Creating animated backgrounds for the KDM login screen

Whereas GDM makes it easy for the user to use an arbitrary application that can draw to the root X window for drawing the background of the login screen (e.g. in order to create an animation in the background), KDM requires a few tricks to make this possible.

KDM's configuration is stored in <KDE_base_dir>/share/config/kdm. Following configuration files can be found there (files not described here are insignificant for the purpose of modifying the login manager screen background):

  • kdmrc — main configuration file, describes the look and feel of the login window as well as login options and permissions
  • backgroundrc — stores the configuration of the login screen background, which is drawn by kdesktop
  • Xsetup — shell script which is run as root just before the login window appears
  • Xstartup — shell script which is run as root after the user has been authenticated and before his or her session starts

KDesktop does not work with just any program that draws to the root window and can only use specially written applications (e.g. kworldclock) to draw an animated background. Thus, in order to animate the background using an application which was not designed to work together with KDM, it is necessary to first turn off kdesktop which draws on top of the root window and covers it. This is accomplished by setting UseBackground=false in kdmrc.
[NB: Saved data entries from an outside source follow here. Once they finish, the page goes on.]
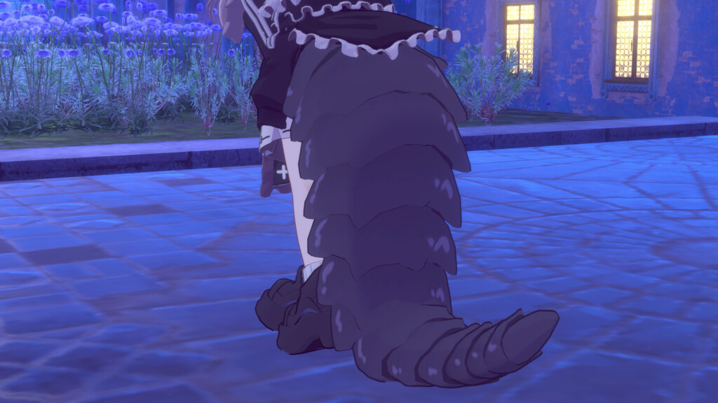 シスター部分を減らしてジャージスタイルで着ることも可能で、カジュアルな雰囲気が強調されます。どこか気だるげな印象が加わり、また違った魅力が楽しめます。さらに、尻尾のオンオフによって後ろのベールが下がるなど、細かなギミックも凝られています。
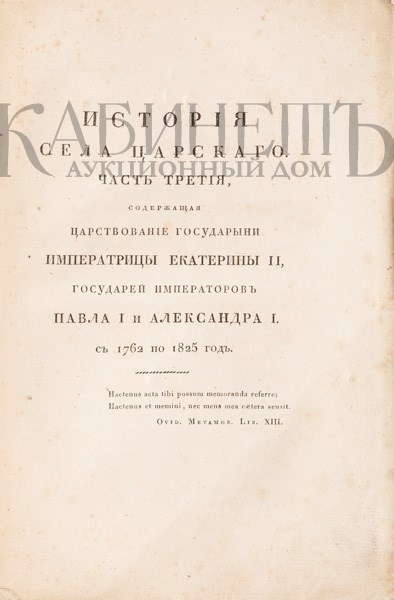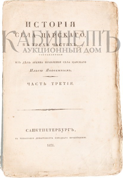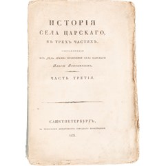 История Села Царского, составлена И. Яковкиным. Часть III. [Из 3-х]. СПб., в типографии департамента народного просвещения, 1831.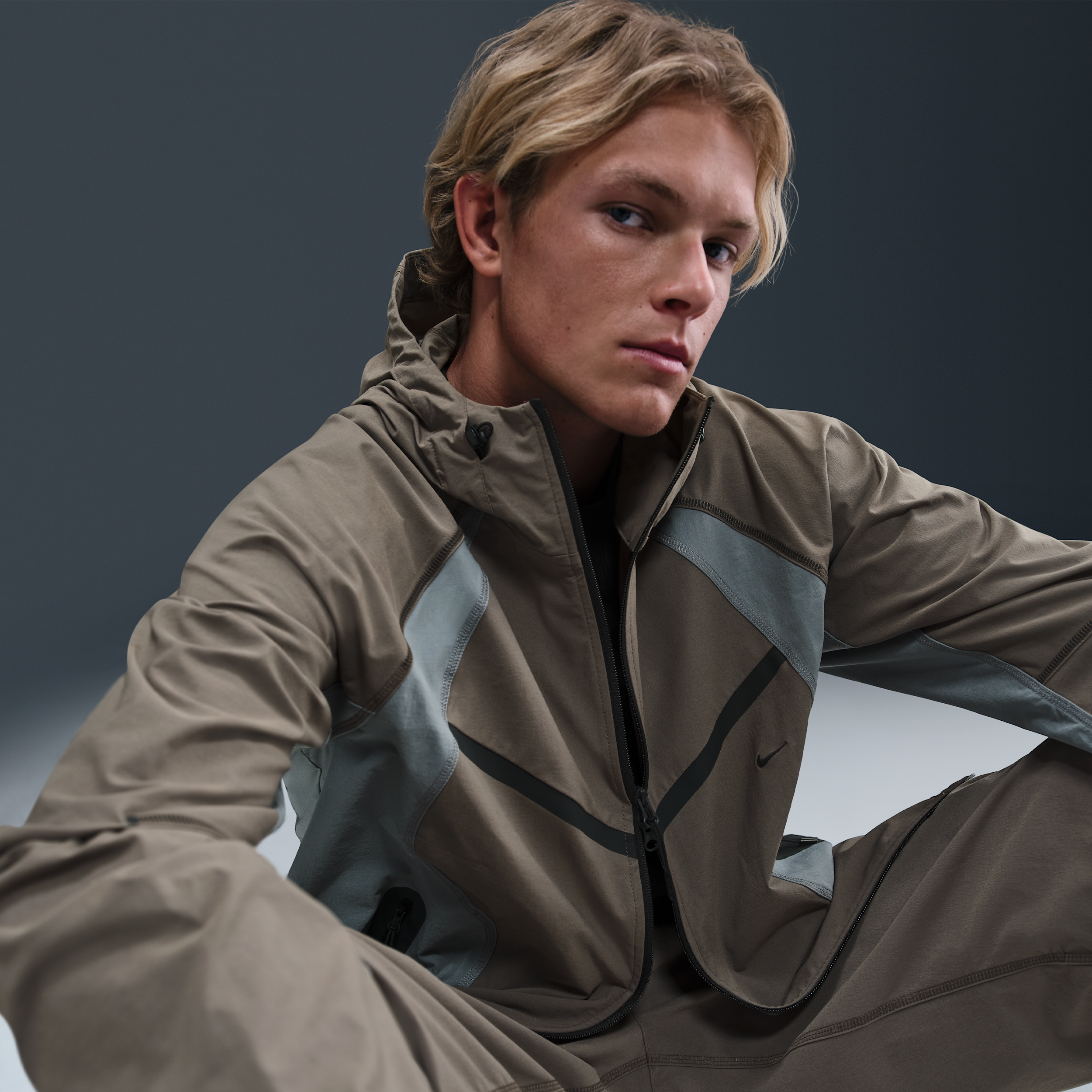 Giacca Windrunner ampia in tessuto Dri-FIT a blocchi di colore Nike Tech – Uomo - Grigio

Some old versions of KDM seem to not support this — in such case it is necessary to kill the kdesktop process in Xsetup using killall kdesktop. If this solution is used, the background set in backgroundrc should be similar to the background of the animation started later on in order to avoid screen flicker at the moment kdesktop is killed.
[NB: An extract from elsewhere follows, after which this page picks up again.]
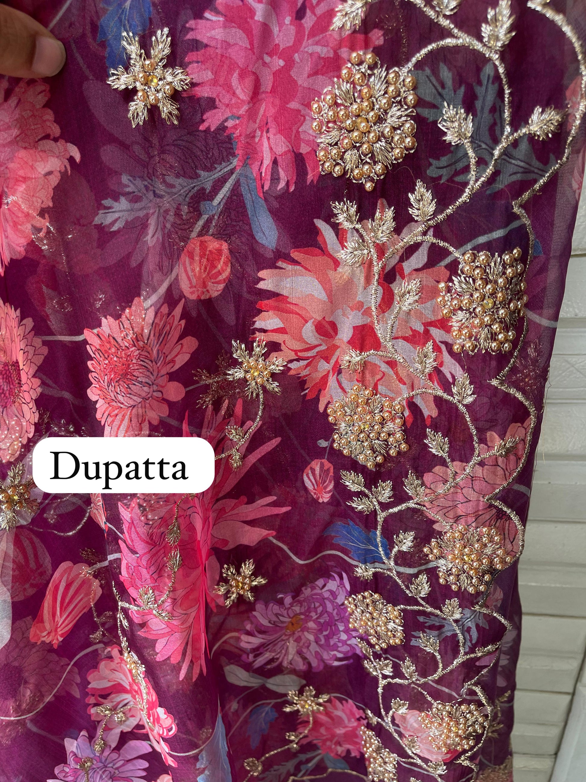 π pure organza printed fabric dupatta with full jaal zari golden pearl embroidery and zari scalping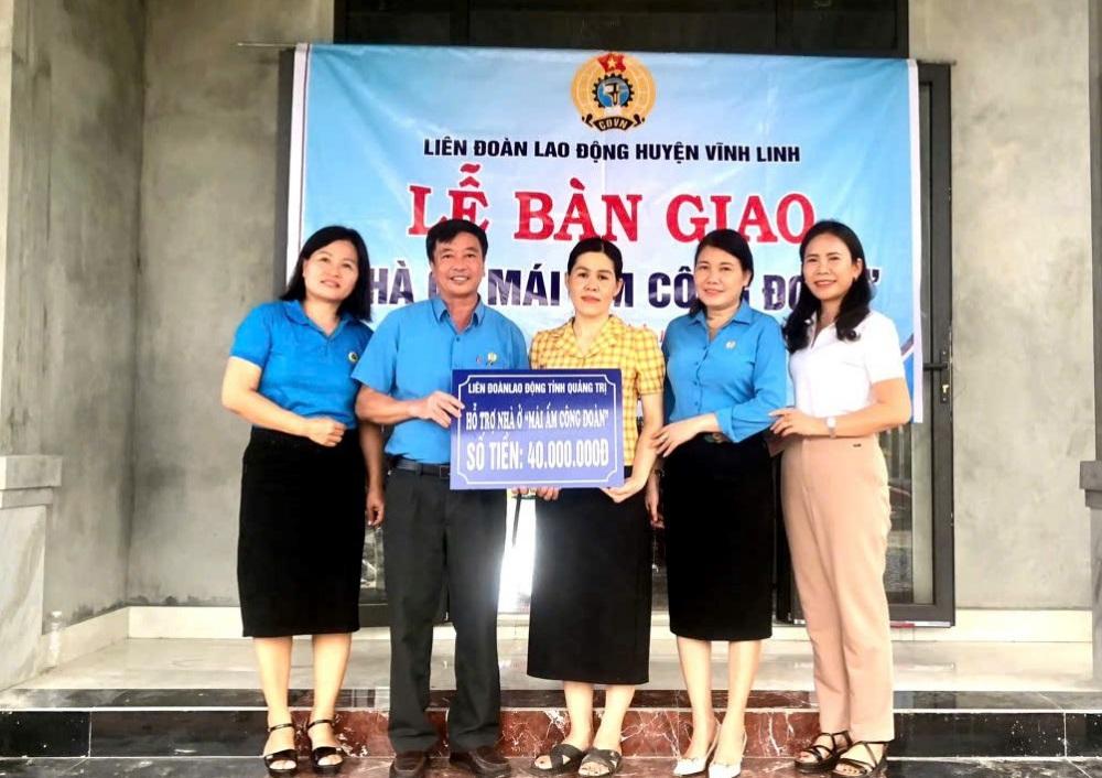 Liên đoàn Lao động huyện Vĩnh Linh vừa tổ chức lễ bàn giao nhà ở “Mái ấm Công đoàn” cho giáo viên Dương Thị Lệ Thuần là đoàn viên Công đoàn cơ sở trường Tiểu học Vĩnh Thủy.

We can then use Xsetup script to start an animation. Any program that can draw to the root window of the X server can be used. Each xscreensaver screen hack can draw to the root window and the over 100 screensavers available in most distributions are a good place to start. Also, MPlayer can play movies in the root window when used with the appropriate command-line switch (however, this only works with some mplayer video drivers — see mplayer's man page for details). If the animation needn't fill the whole background, any application can be run, not only those that draw to the root X window.
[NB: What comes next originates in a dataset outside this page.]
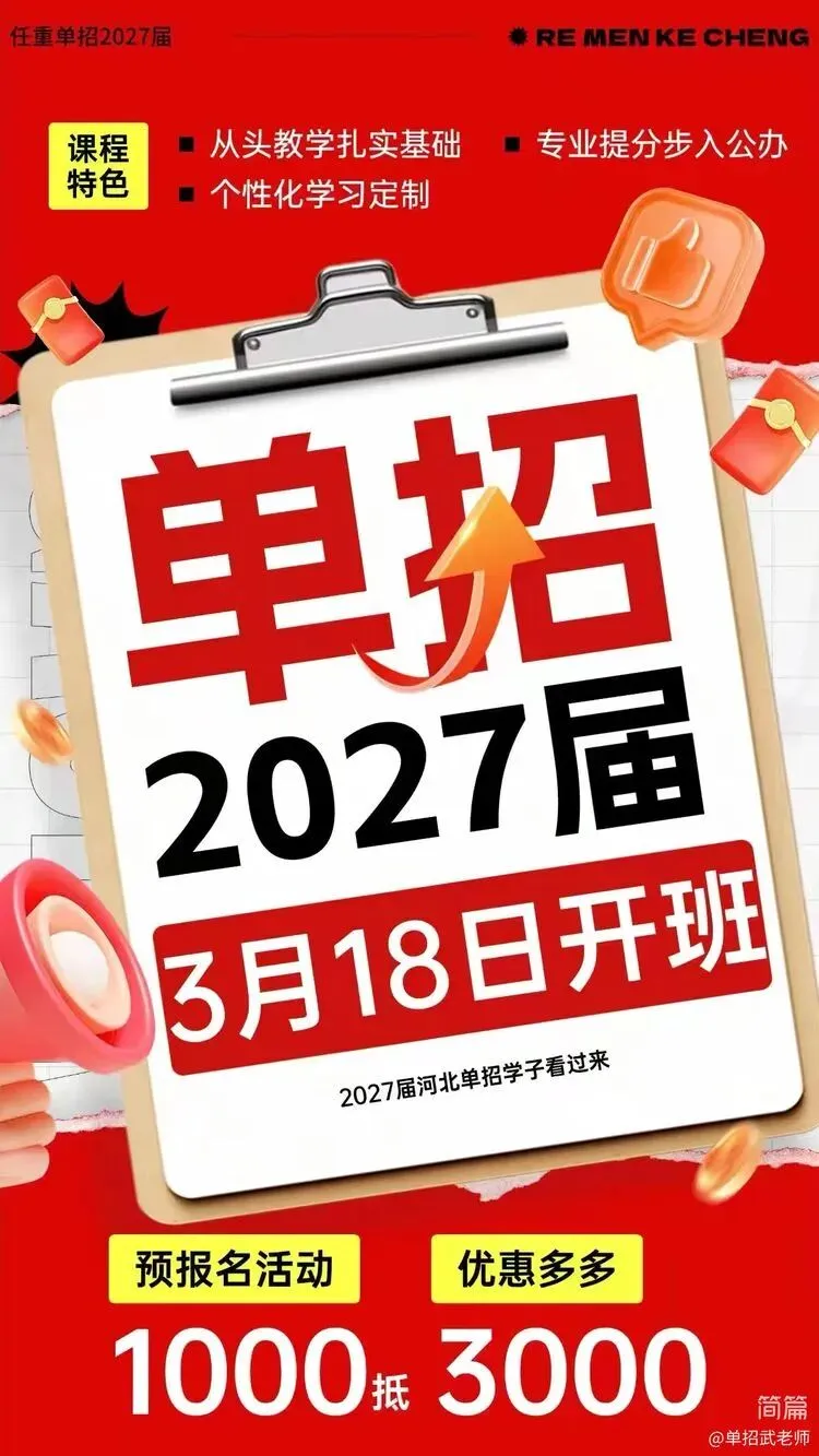 2027届河北单招学子注意啦!石家庄任重博文单招培训班预报名正式开启,2026年3月18日准时开班,现在报名即可享受1000抵3000学费优惠,还能减免取暖费,优惠活动3月15日截止,名额有限,先到先得!

However, using interactive apps can be tricky. One major problem is security — Xsetup is run by root and as such, any applications that it runs have full access priviledges to all resources of the whole system. This is a big threat to security and can lead to compromising the machine. Any software that reads input from the keyboard or mouse, from the network etc., especially any software that runs interactively, can potentially be a security risk. Such software should never be started by Xsetup, unless the administrators really know what they're doing. Another concern is that since no window manager is running while the KDM login window is visible, one should manually set each window's position and size using command line parameters (also, it may be impossible to switch between open windows — this has the positive side effect of potentially making exploiting an interactive app running as root a little bit harder). Note that the animation or any other app started in Xsetup needs to be started in the background, otherwise the script won't be able to exit normally and users won't be able to log in at all.

The animation started by Xsetup should be killed in Xstartup in order to avoid wasting CPU time and possibly thrashing users' desktops (depending on the Desktop Environment used). This can be easily accomplished by saving the animation application's PID to a file when it is started and retrieving it from that file when it is needed to make killing the right process possible.

The example below creates a KDM login screen which uses the animation of glmatrix X ScreenSaver as a background and displays a round clock in the upper left corner of the screen (using oclock).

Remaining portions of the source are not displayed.